Many people recognized this, so companies everywhere are experimenting with custom AI solutions, and the initial results often seem miraculous. With modern large language models, we can suddenly tackle problems that would have been science fiction just months ago. The excitement is understandable – but it's also where the trouble begins.

What worked perfectly in the demo starts showing inconsistencies. Edge cases pile up. The prototype that impressed everyone in the boardroom begins to feel like a liability rather than an asset. Too often, this leads to the prototype being abandoned entirely.

This is where organizations make a critical mistake: Faced with these challenges, people make the fatal decision to abandon their prototypes and “wait for better AI models” (as if this will solve the issues).

Here's why that's a mistake: those early successes weren't illusions – they were glimpses of real potential. The problem isn't that the prototype failed; it's that we expect prototypes to magically transform into production systems without the necessary evolution.

The truth is: Every AI prototype needs tweaking – it's not a bug, it's a feature of working with AI. Think of it like training a new employee: They might understand the basic concept immediately, but becoming truly proficient requires guidance, feedback, and fine-tuning of their approach.

What does this tweaking look like in practice? It means:

  • Systematically evaluating where your system fails using tools like Ragas for RAG applications

  • Implementing automated prompt optimization with frameworks like DSPy instead of relying on manually crafted prompts that work "sometimes"

  • Building guardrails and validation steps to catch edge cases before they reach your users

  • Continuously collecting feedback and example cases where the system doesn't perform as expected

  • Gradually expanding the scope from a narrow, well-performing use case to broader applications

Most importantly, it means accepting that the path from prototype to production isn't a straight line.

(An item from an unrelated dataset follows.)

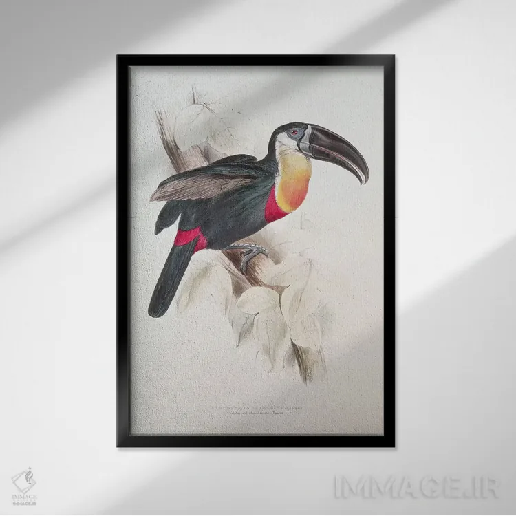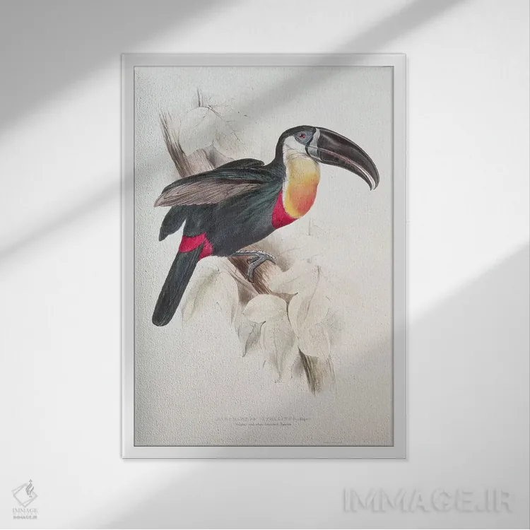 اگر میخواهید دیوار کمی سرزندگیِ محترمانه داشته باشد، «توکان سینهسفید و گوگردی، قرن نوزدهم» اثرِ «ادوارد لیر (شاعر و تصویرگر انگلیسی)» بافت و جزئیات را طوری نشان میدهد که نگاه میماند، برای نشیمنهای خانوادگی گزینهٔ مناسبیست. در کنار گیاهان و نور طبیعی، جذابتر هم میشود.

It's an iterative process where each round of improvements builds upon the last. Companies that succeed with AI aren't necessarily those with the most advanced technology – they're the ones who commit to this process of continuous refinement.

So next time your AI prototype shows promising results but isn't quite there yet, don't shelve it. Instead, see it as the beginning of a journey. With the right approach to systematic improvement, those glimpses of potential can become reliable, production-ready solutions.

Also in the news

OpenAI releases realtime web-search for ChatGPT

OpenAI is on the roll at the moment. After releasing the realtime voice API just some weeks ago, OpenAI delivers another long-awaited feature: Their realtime web-search, directly integrated into ChatGPT.

New ChatGPT search integration - with citations

Why’s that great?

  • ChatGPT automatically searches web sources, without relying on external search engines. Making it much faster and more reliable

  • You can get fast, timely answers with links to relevant web sources, which you would have previously needed to go to a search engine for

  • No more knowledge-cutoff

Read the full announcement post here.

Google introduces Open-Source tool to watermark AI generated content

Google has released SynthID, a new suite of tools that brings transparency to AI-generated content. Using sophisticated watermarking technology, SynthID can now identify AI-created text, images, audio, and video while maintaining the original content quality.

Key Features:
• Invisible watermarking that's detectable by verification tools
• Works across multiple content types
• Resistant to common modifications
• Available through Vertex AI and other Google products

Why It Matters

As AI-generated content becomes more widespread, being able to identify its origin is important for maintaining trust and authenticity online.

However, the major make-or-break factor is, whether other AI providers will jump on board and integrate SynthID in their products.

We at Pondhouse Data OG are huge fans of watermarking, as we firmly believe that AI generated content - while very helpful - should be identifiable as such.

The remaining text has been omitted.